Again after validation loop ?

laibamehnaz commented 3 years ago

Yes, exactly after the first validation loop.

patil-suraj commented 3 years ago

Did you notice the RAM usage ? Seems related to serialisation or RAM

laibamehnaz commented 3 years ago

No, I didn't. I don't think I can check now, right?

patil-suraj commented 3 years ago

Yes, need to check when it's executing. can check ram usage in top right corner of colab when it's executing

laibamehnaz commented 3 years ago

Sure, lemme run it again and check. Will let you know.

laibamehnaz commented 3 years ago

Same thing again, fails right after the first validation loop. RAM usage at the exact end of validation loop : 7.86GB/12.72GB and then the same error as before.

patil-suraj commented 3 years ago

@laibamehnaz tcmalloc is google's fancy malloc alternative and throws this error when it thinks that the requested memory might exceed the available memory.

tcmalloc: large alloc 5731999744 bytes means it's trying to alloc ~5.73GB, so I think memory usage is peaking up when saving the checkpoint (which is large for pegasus, ~5GB) which is resulting in this error.

Strangely, I ran this multiple times with 100 XSUM examples on the same K80 and 12 GB RAM instance and didn't see this error This is the command that I used

!bash finetune_pegasus_xsum.sh \
  --model_name_or_path google/pegasus-xsum \
  --data_dir xsum \
  --output_dir xsum_pegasus_test_4 \
  --train_batch_size 2 \
  --eval_batch_size 2 \
  --num_train_epochs 1 \
  --n_train 100 \
  --n_val 100 \
  --sortish_sampler \
  --gpus 1 \
  --val_check_interval 0.25 \
  --gradient_accumulation_steps 4 \

colab

maybe switching to higher RAM instance should solve this issue. But let's wait for @sshleifer's answer

laibamehnaz commented 3 years ago

Right right, I understand. Actually, I am running this on my own dataset, and not on XSUM.

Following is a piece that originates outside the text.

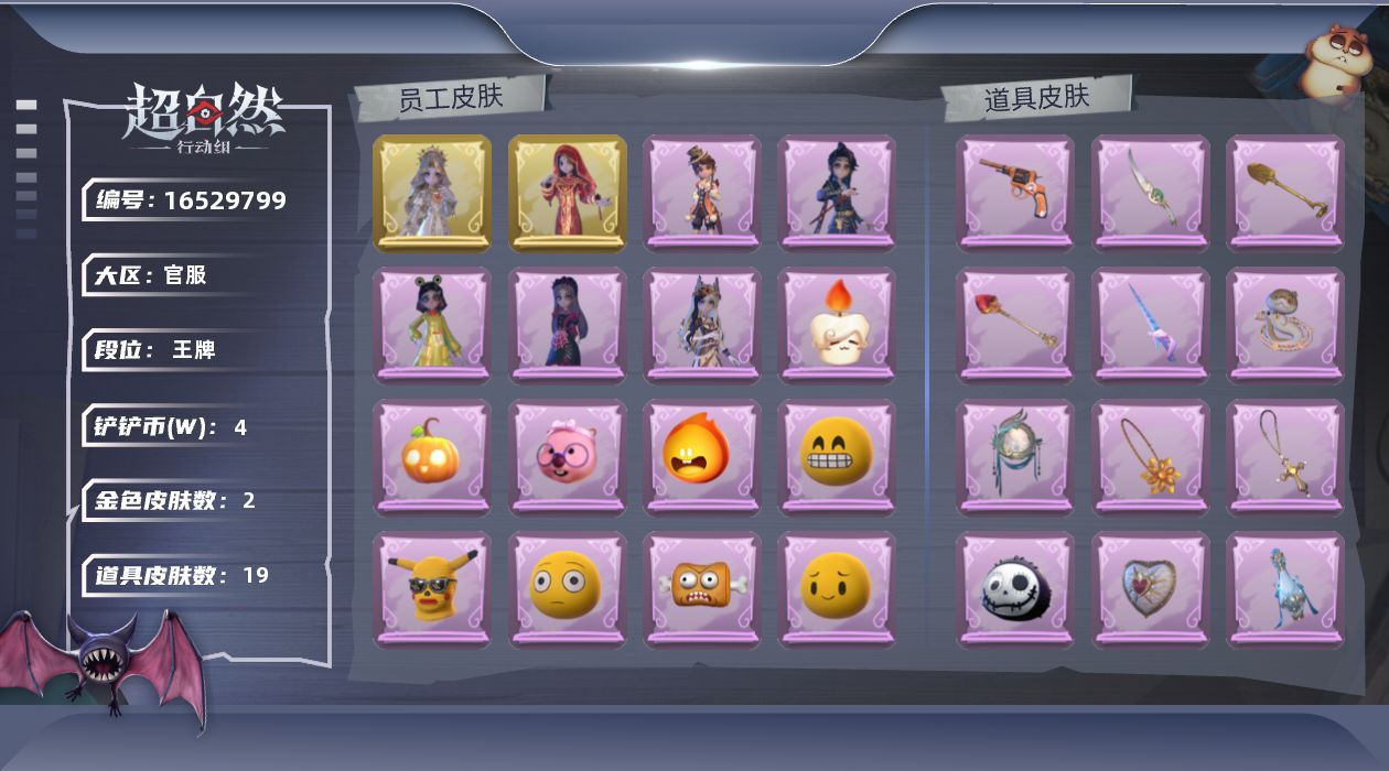 金色皮肤数量2紫色皮肤数量5道具皮肤数量A684

mc2259 commented 3 years ago

`%%bash source venv/bin/activate cd transformers cd examples cd seq2seq

./finetune.sh \ --data_dir /content/xsum \ --train_batch_size=1 \ --eval_batch_size=1 \ --output_dir=xsum_results \ --num_train_epochs 1 \ --model_name_or_path facebook/bart-large `

I am getting an error where the finetuning gets killed. This was the command I am running for fine-tuning BART and I am using a python3 virtual environment and working on a Google Cloud Platform instance. I think the issue is that currently it shows torch.cuda.is_available() as false. When I tried running it on the terminal, it showed that I need to install an NVIDIA driver. However when I try to run the commands sudo /opt/deeplearning/install-driver.sh, I get an error.

sshleifer commented 3 years ago

@mc2259 I wish I could help. When I get nvidia driver errors on gcp I just get a new instance 🤷 . Feel free to start a GCP troubleshooting thread on the forums! I am a big GCP user and would love to exchange tips and tricks.

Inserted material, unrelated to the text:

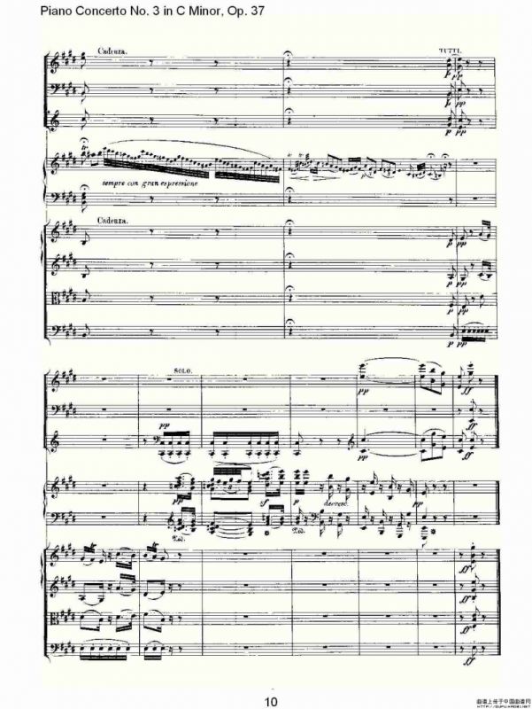 C小调钢琴第三协奏曲 Op.37 第一乐章钢琴谱,简谱"
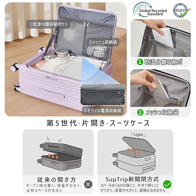 【第5世代·片開き·スーツケース】片面開きなので、狭い場所でも完全に開かずに荷物を出し入れでき、占有スペースが50%削減され、片手でも簡単に開くことができます。ファスナーを1周ひねるだけで容量が20%アップし、より多くの収納スペースを提供します。旅先での買い物など荷物が増えても安心ですし、急に増えた荷物にも気軽に対応できます。注意:拡張後は機内に持ち込めません。

https://discuss.huggingface.co/

sshleifer commented 3 years ago

@patil-suraj your intuition sounds reasonable, I am on a higher ram instance and can't reproduce.

Smaller Checkpoint strategies:

At some point I was passing save_weights_only to the checkpointer here, but I had subsequent --resume_from_checkpoint failure. This was on pl 0.8.1 so I would welcome a PR that added it back and tested that --resume_from_checkpoint works on the skinnier checkpoint.

patil-suraj commented 3 years ago

@sshleifer looking at pl docs save_weights_only won't save optimizer state so resume_from_checkpoint will fail. I'll see if there's an alternative.

I think Seq2SeqTrainer will take care of such issues, since it saves each state_dict separately.

laibamehnaz commented 3 years ago

@patil-suraj your intuition sounds reasonable, I am on a higher ram instance and can't reproduce.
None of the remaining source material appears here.